Extraction using ethylenediaminetetraacetic acid (EDTA), and other chelates has been demonstrated to be an effective method of removal of Pb from many contaminated soils. However, column leaching of Pb from alkaline soils with EDTA has been problematic due to extremely low soil permeability. The first purpose of this study was to develop batch extraction procedures and methods of analysis of batch extraction data to provide Pb solubility information which can be used to model the column extraction of Pb from soils. The second purpose was to determine the effect of the addition of KOH and CaCl₂ to K₂H₂EDTA extract solution on both hydraulic conductivity and Pb removal. A Pb-contaminated soil sample was collected from an abandoned battery recycling facility. Both batch shaker extractions and column leaching experiments were completed using 5 different EDTA extract solutions. When only CaCl₂ was added to EDTA no change in the amount of Pb removed by batch extraction was observed. As expected, lead solubility was observed to decrease as pH was increased by the addition of KOH. However, Pb solubility was only slightly decreased by the addition of both CaCl₂ and KOH. The amount of time required to leach 6.0 L of extraction solution through the soil columns varied from 2 to 33 days. The addition of CaCl₂ and/or KOH resulted in increased soil hydraulic conductivity relative to the EDTA-only solution.
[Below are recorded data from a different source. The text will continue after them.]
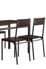 Keep it simple and modern with this five piece dining set. The look of wood tops on a metal frame is characteristic of a modern industrial design theme, popular in loft spaces and modern homes. The finishes bring added protection against the activity of daily life with a PVC coating on MDF surfaces and a scratch-resistant powder coat on the metal frames. The contrast of brown surfaces with a black frame evokes a masculine feel for this industrial dining set. This aesthetic with clean lines is perfect for a loft space or modern condo.
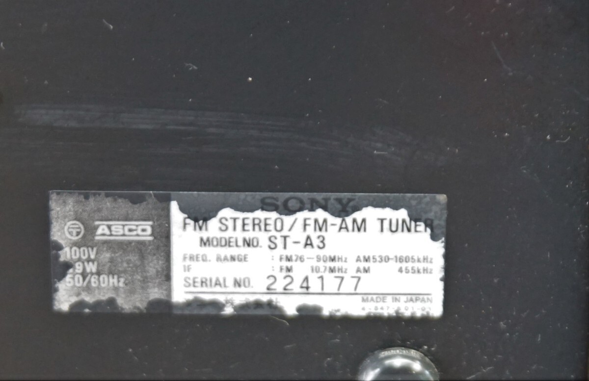 A&P●SONY:ST-A3 FM/AM TUNER 動作OK USED|
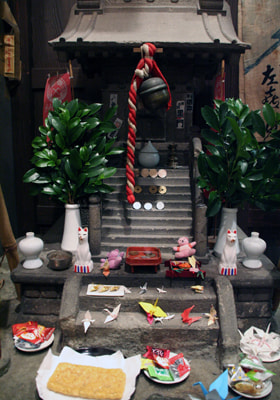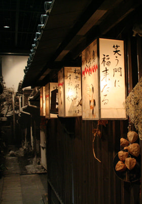 一階の展示は、震災前の生活を後世に残していこうという展示方針に基づいています。生活空間に実際に使われていたものを置くことによって、情景展示として、その意図を表しています。二階では昭和30年頃の一画があり、一階の展示との生活の差違が分かるようになっています。さらに当時の実物を置いて、見るだけではなく触ることができ、質感や使い勝手も合わせて伝えています。さらに季節の催しといった年中行事のように具体的な形を成してないものも展示できます。現在展示しているのは初午(はつうま)です。長屋の軒先に地口行灯(じぐちあんどん)を飾り、路地の奥には稲荷があることから、初午が稲荷の祭りであることが分かります。(次ページに続く)
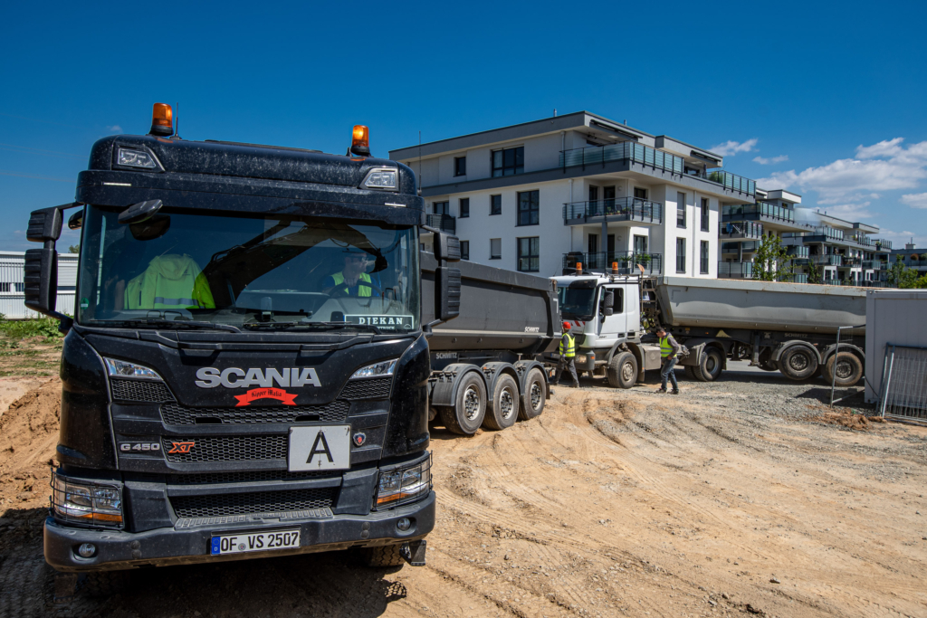 Mit unseren umfangreichen LKW-Dienstleistungen versorgen wir unsere Kunden mit Baustoffen. Wir liefern alles termingerecht und kurzfristig auf Ihre Baustelle. Auch holen wir Material vor Ort ab und bringen nicht mehr benötigte Stoffe auf die nächste Deponie. Hierfür stehen im Raum Rhein-Main 60 eigene Sattelzüge und 4-Achser sowie 95 Fachkräfte zur Verfügung, die schnelle und kompetente Leistungen gewährleisten.

The hydraulic conductivity was related to residual calcium carbonate content, suggesting that dissolution of CaCO₃ and subsequent production of CO₂ gas in the soil pores was partially responsible for the observed reductions in soil permeability. However, Pb removal was diminished with the addition of CaCl₂ and KOH because of the decreased Pb solubility and also kinetic limitations associated with the shorter residence time of the extract solution in the column.